Rebecca is an early modern historian, with expertise in Scottish gender, legal and social history. She holds an AHRC-funded PhD in History from the University of Glasgow (awarded 2020), and has held funded postdoctoral positions at the Institute of Historical Research, University of London (funded by the Economic History Society) and the University of Glasgow (funded by the Economic and Social Research Council). She is currently an Editorial Fellow at History Workshop Online and a Women’s History Network Early Career Fellow.

 

Dr Vicky Holmes 

During my WHN ECR fellowship, I have been traversing the Victorian working-class homes accommodating lodgers.

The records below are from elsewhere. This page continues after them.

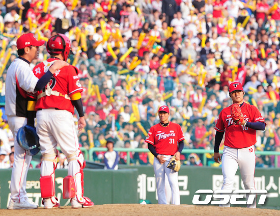 '2011 롯데카드 프로야구' SK 와이번스와 KIA 타이거즈의 준플레이오프 2차전이 9일 문학야구장에서 열렸다. 7회말 2사 1,3루 KIA 한기주가 팀 4번째 투수로 등판 하면 마운드에 오르고 있다. 3선승제의 준플레이오프 1차전을 내줘 쫓기는 입장이 된 SK로서는 2차전을 반드시 승리로 이끌어야 한다. KIA는 지난해까지 4년 중 3번의 가을 잔치서 '리버스 스윕'으로 두 번의 한국시리즈 패권을 거머쥐었고 한국시리즈행 티켓도 쥔 바 있는 SK이기에 1승을 잊고 경기에 임하겠다는 각오. 한편 SK는 시즌 종반 김성근 전 감독의 사퇴로 내홍을 앓았고, KIA는 시즌 중반 1위에서 4위로 떨어지는 심각한 성적 하락을 겪었다. 프로야구 준플레이오프 5전 3선승제로 진행된다. 8~9일 인천 문학구장에서 2연전이 열리고 하루를 쉰 뒤 11~12일 광주구장에서 3, 4차전이 이어진다. 4차전까지 승부를 가리지 못하면 14일 문학구장으로 돌아와 최종전을 벌인다. / ajyong@osen.co.kr
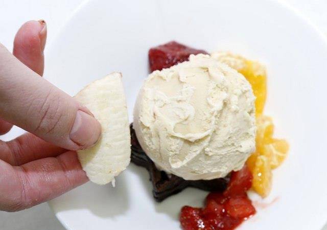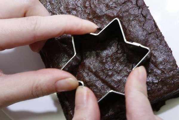 用模具将巧克力布朗尼压出星形,送进微波炉加热1分钟后,挖一球咖啡冰淇淋置于蛋糕上。
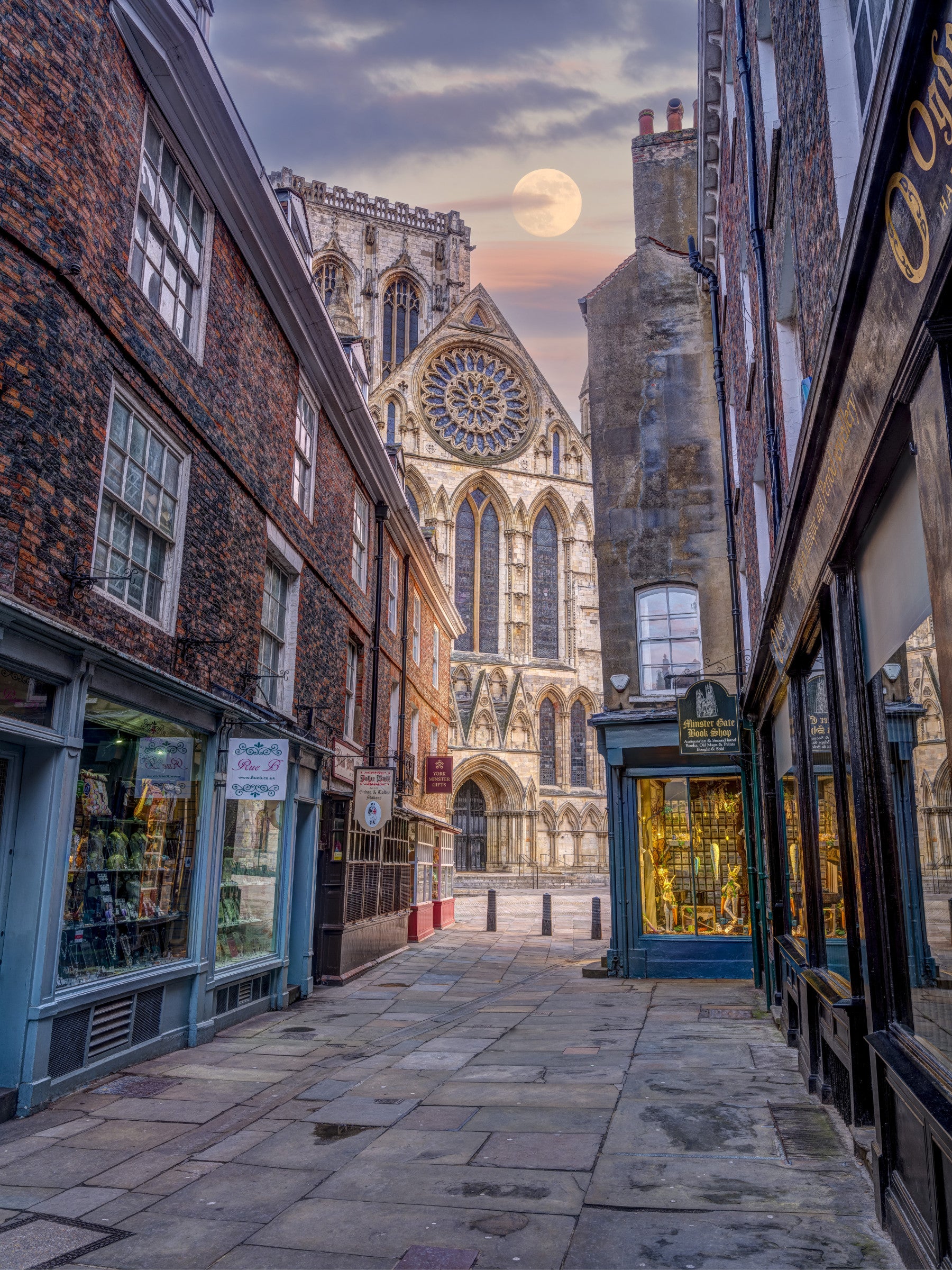 Wall mural with a moon over a charming street.
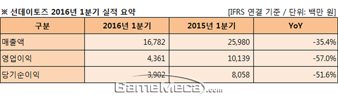 선데이토즈는 9일(월), 자사의 2016년 1분기 실적을 발표했다. 이에 따르면 1분기 총 매출은 168억 원으로 전년 동기 260억 원 대비 35.4% 감소했으며, 영업이익은 44억 원으로 전년 동기 101억 원 대비 57% 하락했다. 당기순이익 또한 39억 원으로 전년 동기 81억 원에 비해 51.6% 가량 떨어졌다.
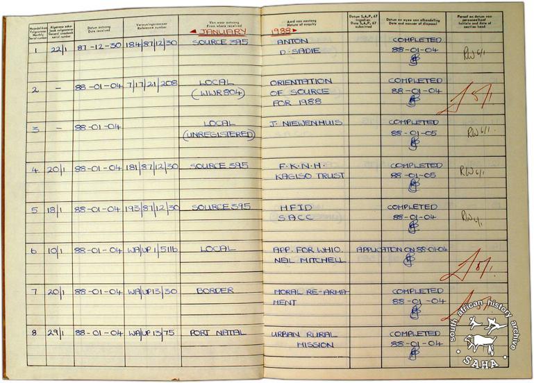 These pages of Warrant Officer Paul Erasmus's case book show entries for January 1988. This photograph is included in "Between Life and Death: Stories from John Vorster Square" - a DVD produced as part of this project.
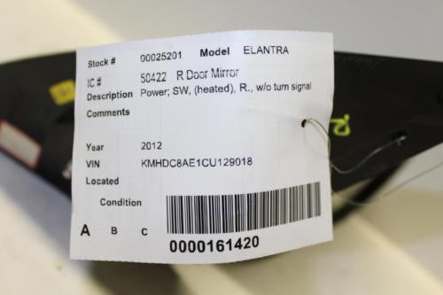 2011-2016 HYUNDAI ELANTRA PASSENGER POWER SIDE VIEW MIRROR
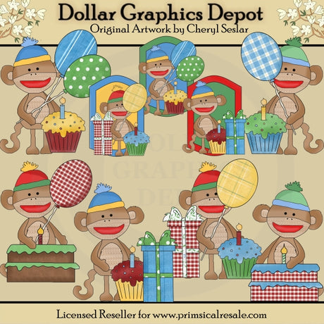 Precio normal $1.10 USDPrecio unitario /AgotadoMonos Calcetín Tontos - Cumpleañero - Clipart
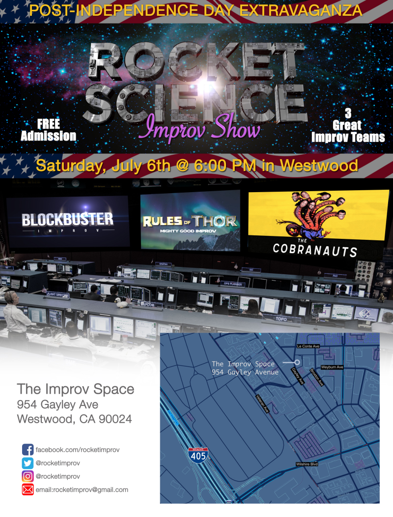 The Rocket Science Improv Show is back and here to help you continue to celebrate the Fourth of July weekend. On Saturday, July 6th, 6PM at The Improv Space in Westwood, we invite you to come out for some fireworks*. We’re extremely excited by these teams, two of which are brand new to the Rocket Science stage.
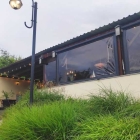 Zeit sich umzuschauen. Und das sah doch ganz nett und gemütlich aus.Leider hob ich den Blick zu weit und ich sah die Stoffunterspannung des Daches. Uiuiui, das sah aber nicht ganz so gut aus! Da sollte man vielleicht was machen gegen die Wasserflecken. Ganz klar, ein Wellblechdach sieht nicht gut aus und ist auch schallhart. Aber die Wasserflecken sehen auch nicht prickelnd aus.

In this talk, I will share some of the findings of my research — from the necessity for a lodger to the complex relationships occurring in such a domestic arrangement — that broadens, and  indeed challenges, our current understandings of everyday life, household economy, and social relations in working-class Victorian England

About VickyDr Vicky Holmes, profile picture

Dr Vicky Holmes is a Visiting Research Fellow at QMUL. Her research — using coroner’s inquests — examines the material and domestic lives of the Victorian working-class behind closed doors. Holmes’ publications include In Bed with the Victorians: The Life-Cycle of Working-Class Marriage (Palgrave, 2017) and the recent edited collection The Working Class at Home, 1790–1940 (Palgrave, 2022), in which her chapter pulls back the covers on working-class beds.

 

Dr Natalie Hanley-Smith, ‘“She imagin’d some great misconduct of hers could alone have occasion’d” it: conceptualising culpability after a sexual assault’

In January 1805, Harriet Ponsonby, Countess Bessborough, wrote a letter to her lover, Granville Leveson Gower, in which she revealed that she had been sexually assaulted by a member of her extended family. The man in question was also a friend of Leveson Gower’s and knew of their extra-marital relationship. This paper will examine how the countess conceptualised and assessed her own culpability in the assault and will reveal that she drew connections between her perceived failure to conform to contemporary conceptions of sexual morality and the man’s conduct

Content warning: this paper contains non-graphic discussions of sexual assault.

About Natalie

Natalie Hanley-Smith is a Women’s History Network Early Career Fellow, 2021-22. She completed her doctoral thesis on 18th and 19th-century marital non-conformity at the University of Warwick in 2020. Her research interests include emotion, political culture, sexuality, and sociability. She is currently co-editing a special issue of Parliamentary History with Professor Sarah Richardson on the theme of ‘Passion, Politics, and Parliament’, which is forthcoming in 2023. She is also working on a monograph, tentatively titled: Controversial Intimacies: Marriage, Gossip, and Scandal in British Society, 1780-1840.

 

Dr Emma Barrett, ‘Sex and the City: Gender and the City of London’

During my WHN fellowship I have been exploring women’s employment in Britain’s financial sector in the later twentieth century. Through oral histories and archival research, I analyse the experiences of professional women and locate them in the broader inequalities of late twentieth-century Britain, including their relationships with paid domestic workers such as nannies and cleaners. In the context of financial deregulation and ‘opportunity culture’, which supposedly dissolved class distinctions and created a more diverse City, I examine the complexities of women’s employment, workplace hierarchies, and the emergence of new global elites, to help us understand how financialisation impacted social and economic life. This paper will focus on the trajectories of professional women into Britain’s financial sector.

About Emma

Dr Emma Barrett is a Teaching Fellow in Arts and Law and Honorary Research Fellow in History at the University of Birmingham. She is a Visiting Research Fellow at QMUL and in 2021 was the John Antcliffe By-Fellow at Churchill College Cambridge. Her publications include ‘King Caz: Cazenove, Thatcherism and the 1980s financial revolution’ (TCBH, 2018) and she is currently working on a monograph of the 1980s financial revolution, forthcoming with MUP.